I see that these conditionally rare and permanently rare taxa are very close to getRare() and getPrevalent(). As they do not necessarily deal with time series, should these methods be in mia instead: getConditionallyRare() & getPermanentlyRare()

Yep, I mixed it up, no time series needed.

CRT seems like a bit strange concept in the end. I am not sure if there should be much difference whether the minimum count is 1, 2, or 3 reads but this can make a huge difference in the max:min calculation. But yes, it might be relevant to recognize taxa that have vast variation. Variance would not capture all these cases, if the blooms cover only few samples. Shouldn't this be called conditionally abundant, rather than conditionally rare..?

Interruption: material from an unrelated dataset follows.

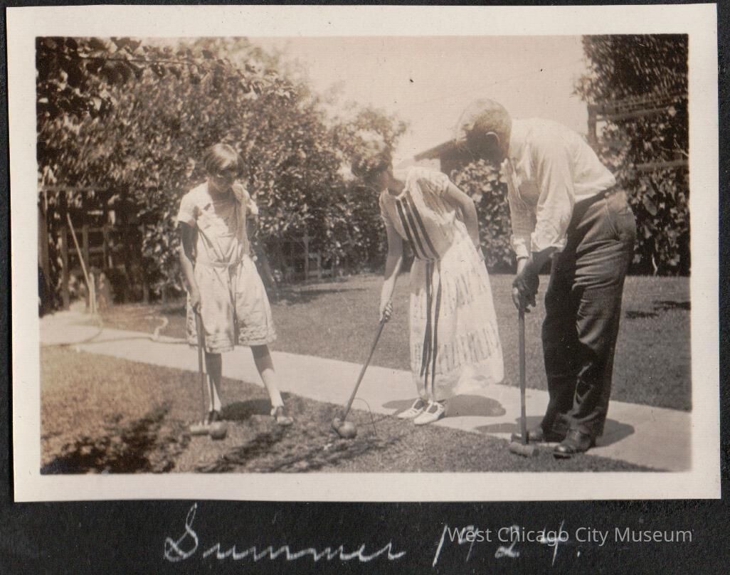 Photograph, black and white, showing two girls and man playing croquet on lawn Summer 1924. The younger girl, possibly Trudeine Brabrook, is wearing a split skirt. The older girl, possibly Frances Brabrook, has a white dress with ribbon accents and three long ribbons down the front. The photo is pasted on black paper and was part of the Alexander family albumPhotograph Details

PER: is the rarity also evaluated, or just max/min ratio? some taxa might be abundant and prevalent, while having a low max/min ratio. At least in principle. Then it would be misleading to call them PER. The interesting PER are taxa that might be prevalent but always stay under a certain threshold and never bloom.

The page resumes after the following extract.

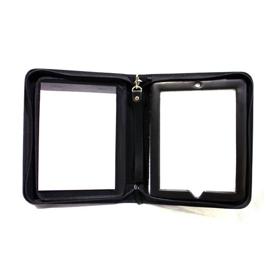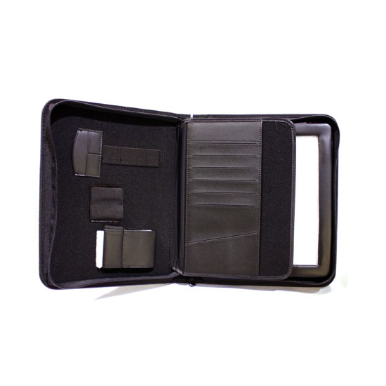 This sophisticated case organizer provides good protection for your tablet computer. Designed in a classic pattern of small oval shapes in black, this case is a stylish companion to your computer. Made with multiple compartments for stationery and business cards, this tablet case organizer makes a helpful computer accessory.

We could add the methods as suggested and it could go to mia. If this could be made into a more generic index function (like addAlpha for samples), that could help to simplify maintenance and adding possible other measures later. Would that be feasible..?

On the other if this seem time-consuming to finalize, it could be left for later.

Signed-off-by: Daena Rys <[email protected]>

TuomasBorman · 2024-11-28T13:36:59Z

I read this article that Leo shared in the issue: https://journals.asm.org/doi/10.1128/mbio.01371-14

In this article, conditionally rare taxa is determined based on coefficient of bimodality. They determined CRT for each system from where multiple time points were collected.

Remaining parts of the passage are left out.